Lentement, Shishio hocha la tête. Il avait pris la peine de changer de tenue pour ne pas être immédiatement identifié comme un Uchiha, mais une précaution de plus ne pouvait pas faire de mal. Suivant de près sa partenaire, il joignit ses mains entre elle, malaxant son chakra rapidement. Murmurant le nom de la technique entre ses dents pour mieux se concentrer sur son exécution, il ferma les yeux tout en visualisant l’apparence qu’il adopterait. Quand il les rouvrit, ses iris étaient bruns plutôt que noirs. Il avait grandi d’une bonne dizaine de centimètres et ses épaules étaient plus larges qu’auparavant ; sa mâchoire était plus carrée et ses traits moins délicats, sa chevelure plus longue était désormais réunie en une courte queue de cheval à l’arrière de son crâne. Pour le dire crûment, il était passé de son corps d’adolescent élancé à celui d’un homme digne de ce nom. *Un déguisement n’est complet que si l’on y adapte ses manières,* se disciplina-t-il intérieurement tandis qu’il vérifiait que les changements physiques prévus avaient bien eu lieu. Aussi, lorsqu’il descendit du toit pour suivre Chiyo, il se força à enfoncer les mains dans les poches et à modifier sa posture, se donnant un aspect décontracté qu’il ne suivait absolument pas, à l’intérieur.

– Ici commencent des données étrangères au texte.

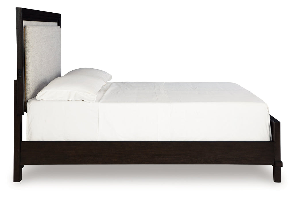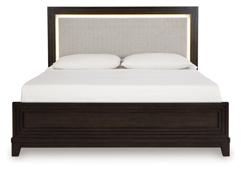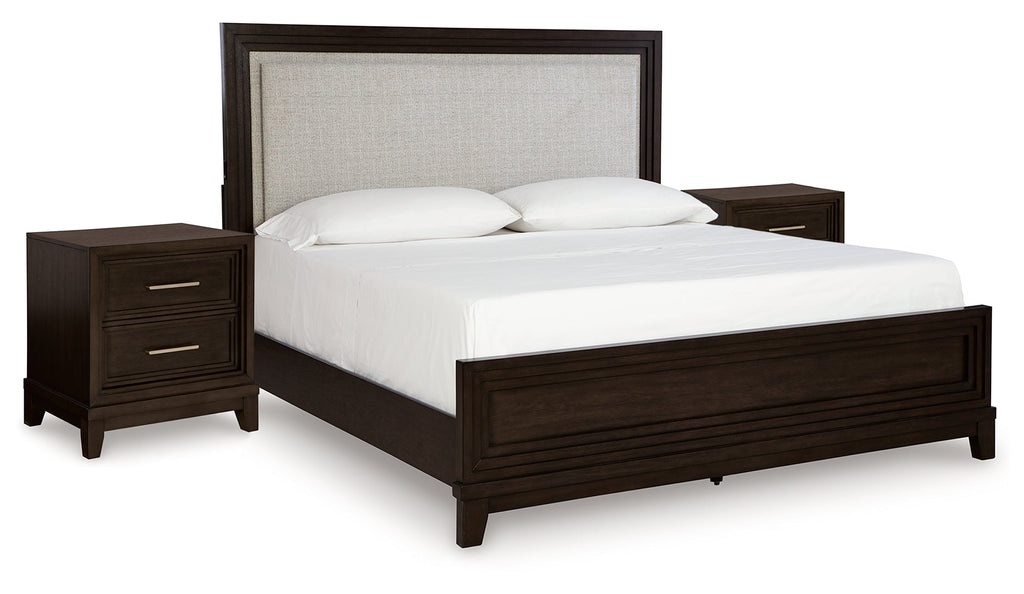 Neymorton California King Upholstered Panel Bed with 2 Nightstands

Malgré ces efforts pour avoir l’air plus détendu qu’il ne l’était vraiment, il ne put s’empêcher de serrer les dents en entendant les réponses que le marchand avait à offrir à la demoiselle qu’il accompagnait, vis-à-vis des fauteurs de trouble. Aussitôt sortis de l’échoppe, il se tourna vers elle, un air inquiet dans les yeux.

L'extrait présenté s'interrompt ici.